Vv. 22-33. Não são seguidores de Cristo os que não podem estar a sós com Deus em seus corações. Em ocasiões especiais, e quando temos os nossos corações dilatados, é bom continuar orando secretamente por um longo tempo, e derramar nossos corações diante do Senhor. Não é coisa nova para os discípulos de Cristo deparar-se com tormentas pelo caminho do dever, mas por isso Ele se mostra com mais graça a eles e a favor deles. Ele pode tomar o caminho que lhe agrade para salvar a seu povo. Porém, até as aparências de libertação às vezes ocasionam problemas e perplexidade ao povo de Deus pelos erros que têm acerca de Cristo. Nada deveria assustar aos que têm a Cristo junto a si e que sabem que é seu, nem mesmo a própria morte. Pedro caminhou sobre a água, não por diversão, nem por soberba, mas para ir a Jesus, e nisso foi sustentado maravilhosamente. É prometido sustento especial, que deve ser esperado; porém, somente em empreendimentos espirituais; tampouco podemos sequer ir a Jesus a menos que sejamos sustentados pelo seu poder. Cristo disse a Pedro que viesse a Ele, não só para que pudesse andar sobre as águas e assim conhecer o poder de seu Senhor, mas para que conhecesse a sua própria fraqueza. Às vezes o Senhor permite que seus servos tenham o que escolhem para humilhá-los, prová-los e mostrar a grandeza de seu poder e de sua graça. Quando deixamos de olhar a Cristo para olhar a grandeza das dificuldades que se nos opõem, começamos a desfalecer; mas quando o invocamos, Ele estende seu braço e nos salva. Cristo é o grande Salvador; aqueles que precisam ser salvos devem ir a Ele e clamar pedindo salvação; nunca somos levados até a este ponto, até que nos encontremos afundando: o sentimento de necessidade nos leva a Ele. Ele repreendeu a Pedro. Se pudéssemos crer mais, sofreríamos menos. A debilidade da fé e o predomínio de nossas dúvidas desagradam nosso Senhor Jesus, porque não há uma boa razão para que os discípulos de Cristo tenham dúvidas. Mesmo em um dia tempestuoso, Ele é uma ajuda muito presente para eles. Ninguém, senão o Criador do mundo, podia multiplicar os pães; ninguém, senão o seu Governador, poderia andar sobre as águas do mar: os discípulos se renderam à evidência e confessaram a sua fé. Eles foram apropriadamente tocados e adoraram a Cristo. Aquele que vai a Deus deve crer; e o que crê em Deus, irá a Ele (Hb 11.6).

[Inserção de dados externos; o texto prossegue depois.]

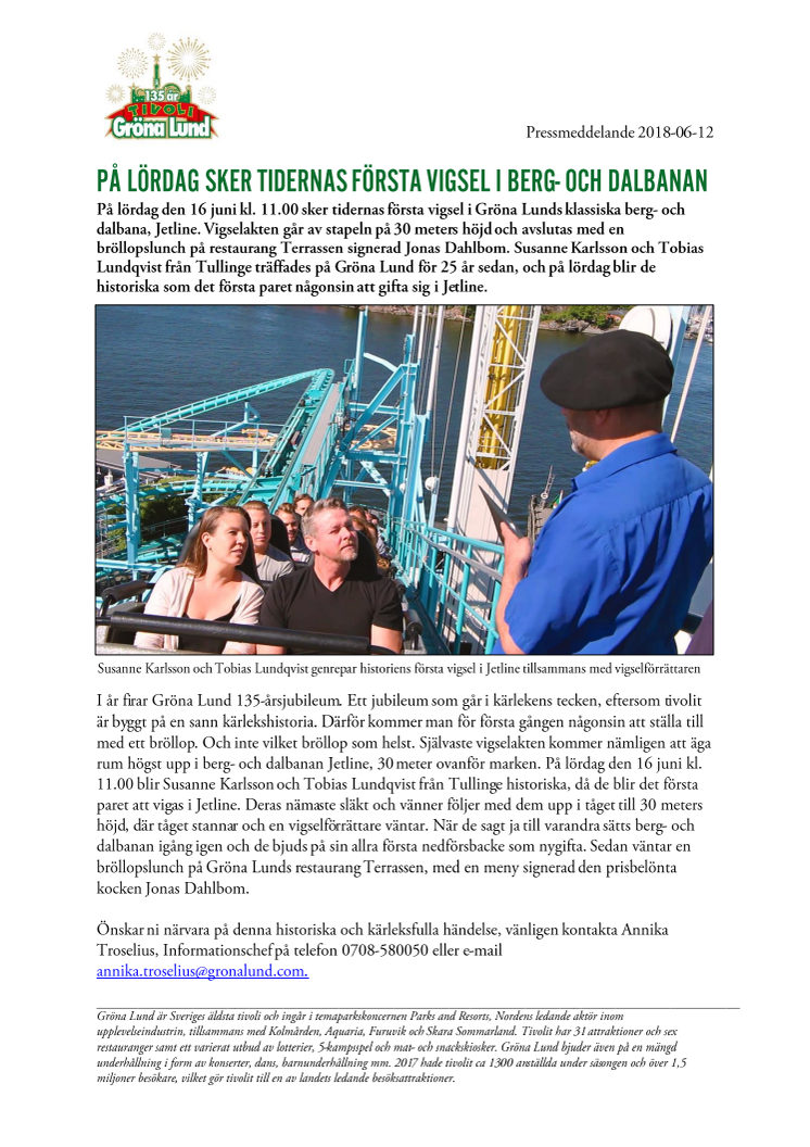 På lördag kl. 11.00 sker tidernas första vigsel i Gröna Lunds berg- och dalbana, Jetline. Vigselakten går av stapeln på 30 meters höjd och avslutas med en bröllopslunch på restaurang Terrassen signerad Jonas Dahlbom. Susanne Karlsson och Tobias Lundqvist från Tullinge träffades på Gröna Lund för 25 år sedan, och på lördag blir de historiska som det första paret någonsin att gifta sig i Jetline.

Vv. 34-36. Aonde quer que fosse, Cristo fazia o bem. Levavam a Ele todos os que se encontravam enfermos, que recorriam humildemente a Ele, implorando por sua ajuda. As experiências do próximo podem guiar-nos e estimular-nos a buscar a Cristo. Tornou perfeitamente íntegros a todos quantos tocou. os que são curados por Cristo são curados perfeitamente. Se os homens estivessem mais familiarizados com Cristo e com o estado de suas almas enfermas, se aglomerariam para receber seu poder sanador. A virtude sanadora não estava no dedo, mas na fé deles; ou melhor, estava em Cristo, em quem creram.